The researchers then connected these sensory changes to cognitive decline, particularly in the context of mild cognitive impairment. This condition is defined as a decline in mental functioning that goes beyond normal aging but does not yet interfere significantly with daily activities. It is often a precursor to dementia. Studies show that mild cognitive impairment is more common with increasing age, affecting over one-quarter of people aged 80 or older. Importantly, over a third of these individuals eventually develop dementia. Understanding what triggers this progression is key to prevention.

According to the review, one of the earliest areas of the brain to show changes in mild cognitive impairment is the hippocampus, a region essential for memory, learning, and executive functioning. The hippocampus receives sensory input from the somatosensory system via the entorhinal cortex. Tactile input helps the hippocampus integrate information and support cognitive flexibility and decision-making.

When this input is diminished due to aging or sensory deprivation, hippocampal function may suffer. For instance, studies in rodents show that depriving animals of tactile input through whisker removal reduces hippocampal activity, impairs spatial memory, and disrupts synaptic communication in memory-related regions.

In one type of experiment, researchers permanently removed the whiskers of rodents, which serve as their primary tactile system. These animals showed significantly less brain activity in the hippocampus, reduced formation of new neurons, and problems with navigation and object recognition. In contrast, stimulating the whiskers increased dopamine levels in the hippocampus and improved memory performance. These findings mirror what has been observed in human studies, where reduced tactile stimulation can lead to poorer cognitive outcomes, while tactile engagement can improve memory and attention.

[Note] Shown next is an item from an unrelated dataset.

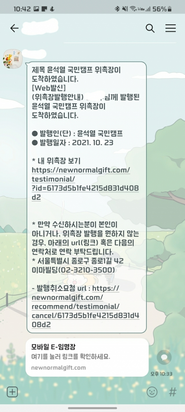 ‘어처구니가··· 초6 딸내미한테 임명장 왔네요’라는 제목의 글이 23일 한 온라인 커뮤니티에 올라왔다. 해당 게시글엔 특정 인터넷 주소(링크)가 적힌 카카오톡 메시지를 캡처한 사진이 첨부돼 있다. 메시지 속 링크를 클릭하면 윤 전 총장 명의로 발급된 모바일 위촉장이 나오는 구조다.
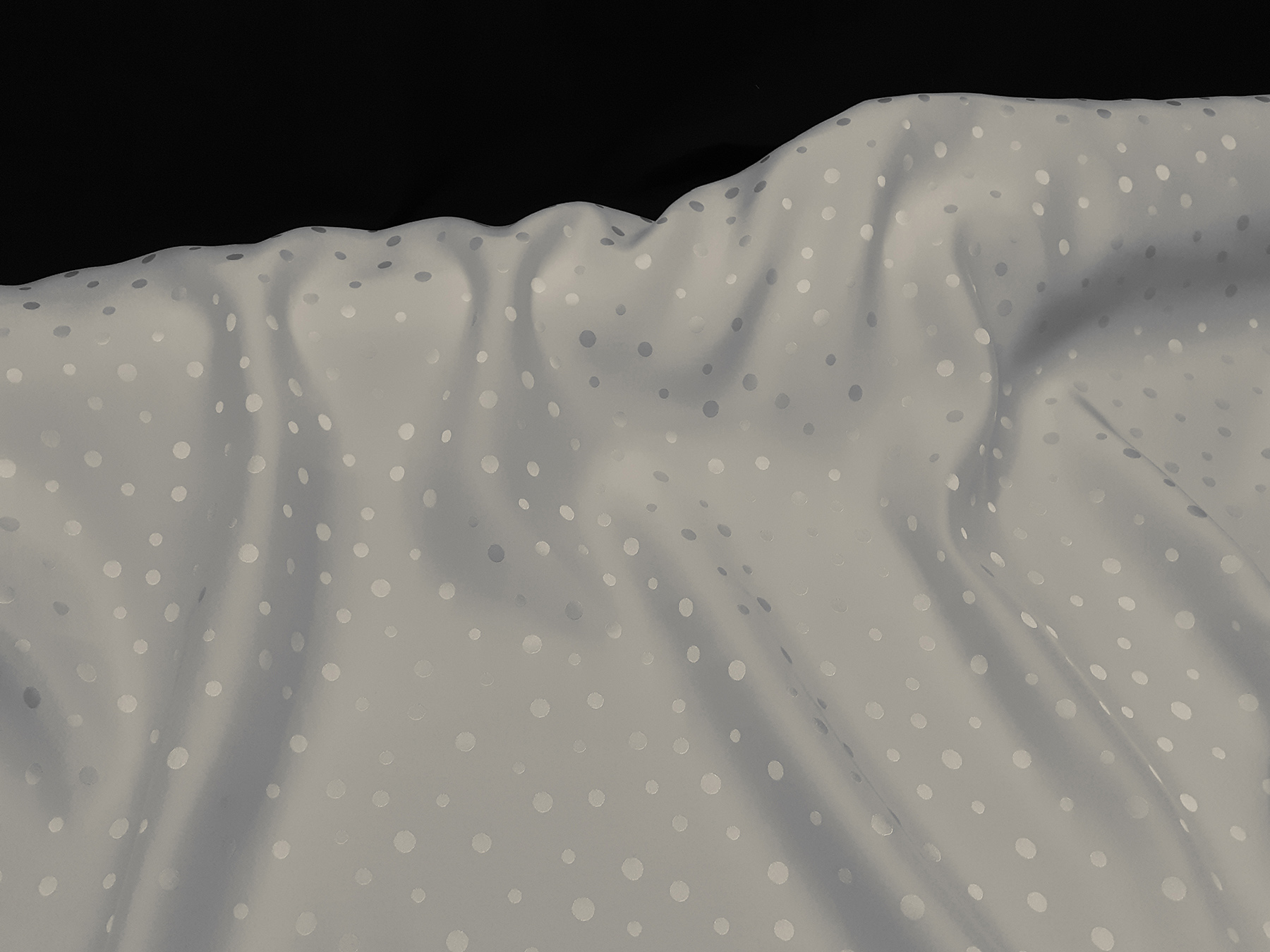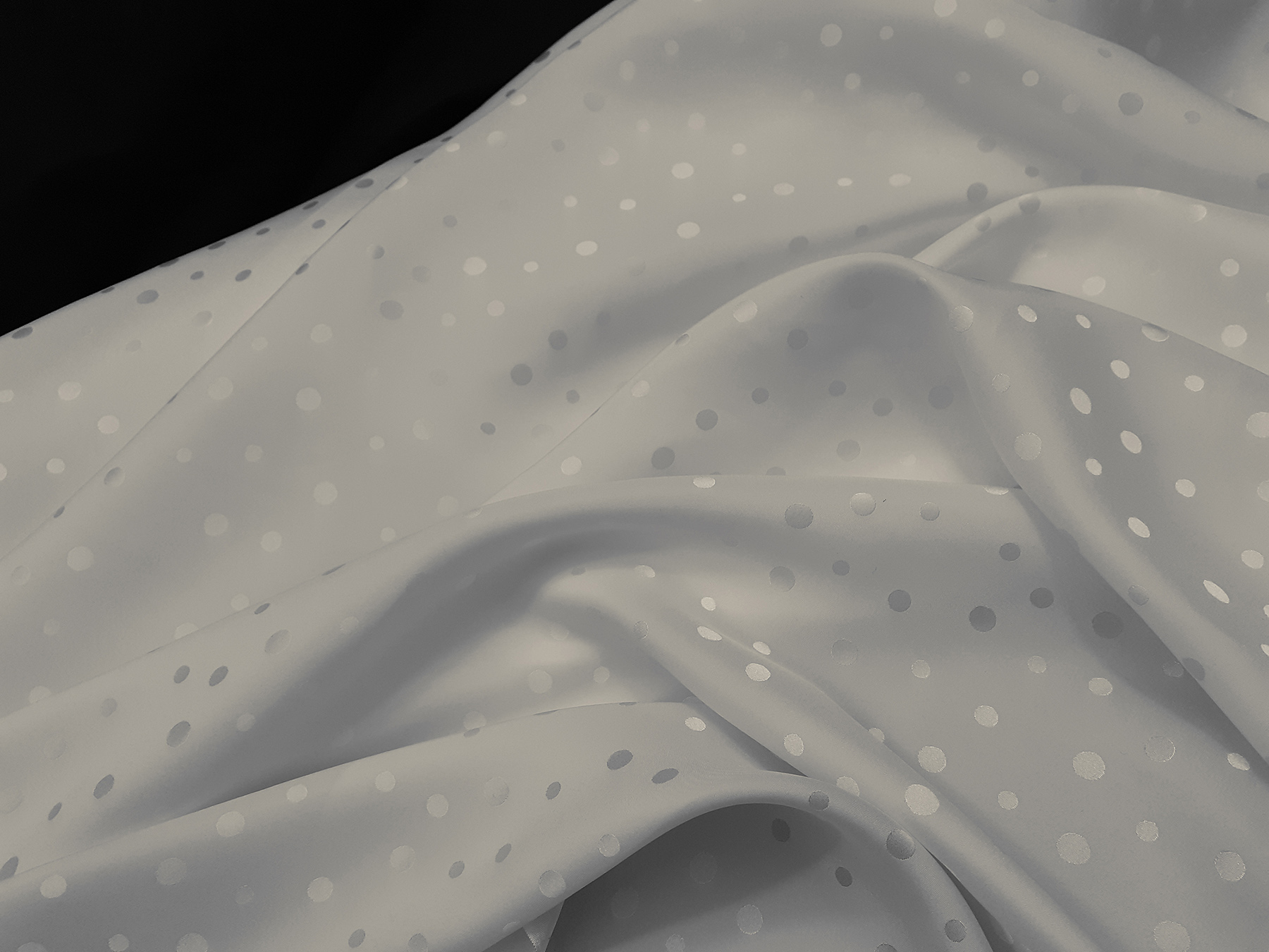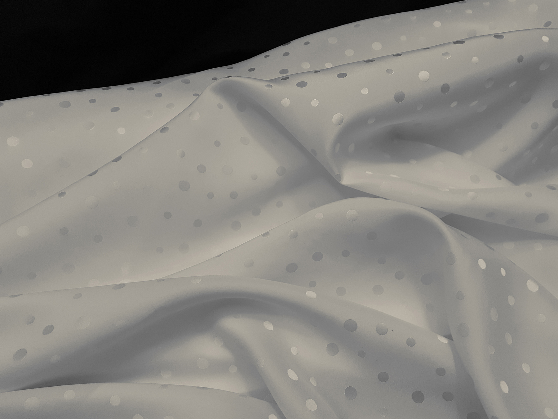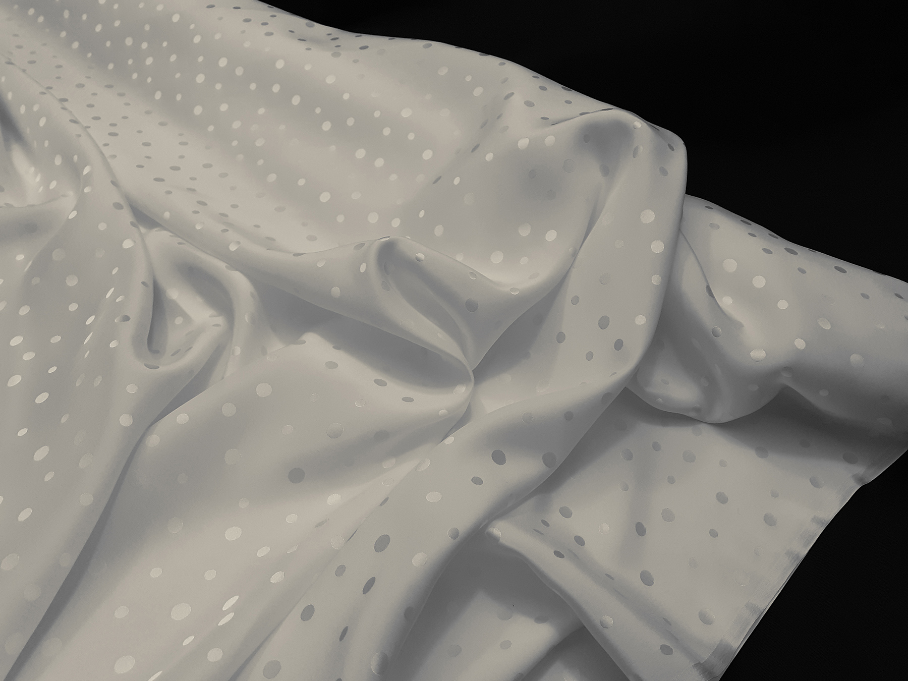 In questo tessuto di seta pura, prodotto a Como, la lavorazione jacquard con il contrasto fra lucido e opaco, crea un piacevole effetto di tridimensionalità. Perfetto per la realizzazione di abiti ampi e sinuosi, grazie alla sua morbidezza e caduta, può essere utilizzato anche per capi più lineari che mettono in evidenza la ricchezza e la particolarità di questo tipo di tessuto.

The review also highlights proprioception — the sense of body position and movement — and stereognosis — the ability to recognize objects through touch — as key components of the tactile system that are affected by aging. Both are critical for daily functioning and are also linked to cognitive performance. When these abilities decline, individuals may experience increased risk of falls, reduced independence, and fewer opportunities for cognitive engagement. This drop in activity and stimulation can, in turn, accelerate cognitive deterioration.

One of the more compelling findings discussed in the review is the link between tactile impairments and changes in the neurochemistry of the brain. Sensory stimulation boosts levels of acetylcholine, a chemical that plays a major role in attention and memory. It also promotes the release of brain-derived neurotrophic factor (BDNF) and fibroblast growth factor (FGF-2), both of which help support the growth and survival of neurons. Tactile deprivation, by contrast, lowers these factors, potentially triggering cell death and weakening memory circuits in the hippocampus.

The authors propose that this body of evidence supports the idea that tactile deterioration may be more than just a sign of aging — it could be an early marker of cognitive risk. If so, touch-based assessments could become a valuable tool in detecting people who may benefit from early intervention. This is especially important because many traditional cognitive screening tools may miss early signs, or may not be accessible to all populations.

The review suggests several directions for future research. One recommendation is to develop standardized methods for measuring tactile function, including proprioception and stereognosis, in older adults. These assessments could be added to routine cognitive screenings. Another area for exploration is whether tactile-based interventions — such as textured objects, massage therapy, or sensory-rich environments — can help protect or even restore cognitive function.

The authors also encourage more research into how different sensory systems interact and contribute to overall cognitive health, including studies that combine touch, sound, and visual stimulation to promote brain plasticity.

The paper, “The role of tactile sense as an early indicator of cognitive decline in aging,” was authored by Nereida Ibarra-Castaneda, Adriana Gonzalez-De-la-Cerda, and Oscar Gonzalez-Perez.